Consider Connie. She is an assembly line employee who is satisfied with her job. Her job means steady employment. She feels satisfied with her pay (at least it’s better than most of the jobs she could find down the street). She starts at 7:00 in the morning and gets off in time to pick up her seven-year-old from school. It meets her needs. However, for Connie, it’s just a job. She can’t say she looks forward to coming to work, and she doesn’t find herself motivated to perform her best.
An employee can be satisfied with a job without being engaged in the job. Engagement is much more than being content on pay day and content with the ability to leave at 3 pm. That contentedness is merely job satisfaction, and though satisfaction is generally enough to retain employees, it’s not enough to ensure productivity. On the other hand, employee engagement does promote increased productivity.

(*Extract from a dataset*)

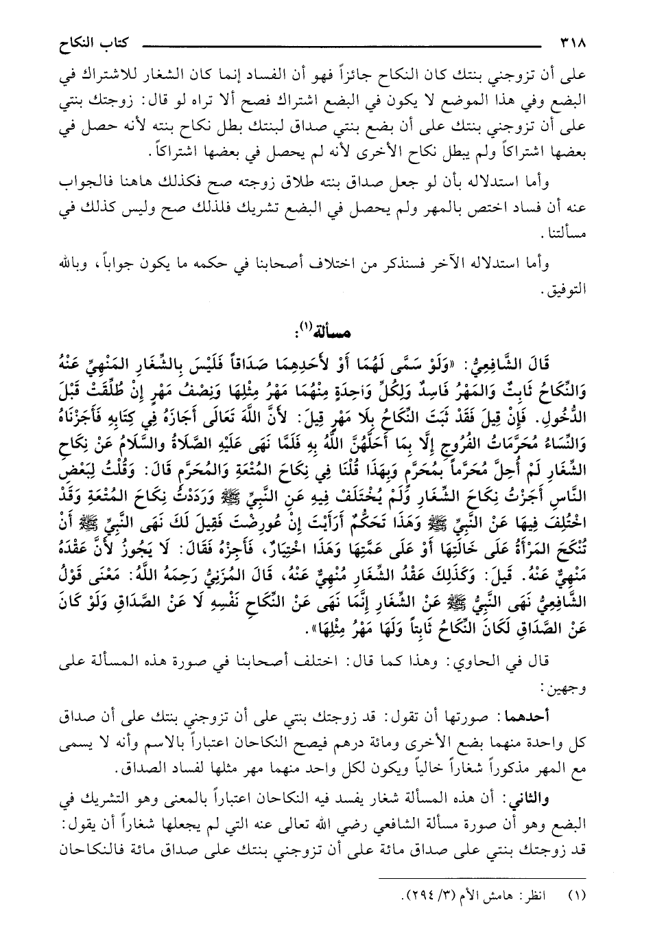 والثاني: أن هذه المسألة شغار يفسد فيه النكاحان اعتبارًا بالمعنى وهو التشريك في البضع وهو أن صورة الشافعي رضي الله تعالى عنه التي لم يجعلها شغارًا أن يقول: قد زوجتك بنتي على صداق مائة على أن تزوجني بنتك على صداق مائة فالنكاحان

Managers must understand that an engaged employee is an employee who is deeply involved and invested in their work. This occurs when multiple job factors intersect and it is much more than job satisfaction alone. The confusion comes when we begin to use satisfaction and engagement synonymously.
Organizations with genuinely engaged employees have higher retention, productivity, customer satisfaction, innovation rates, and quality. They also require less training time, experience less illness, and have fewer accidents.
Simply put, satisfaction is not engagement– and of the two, you want engagement.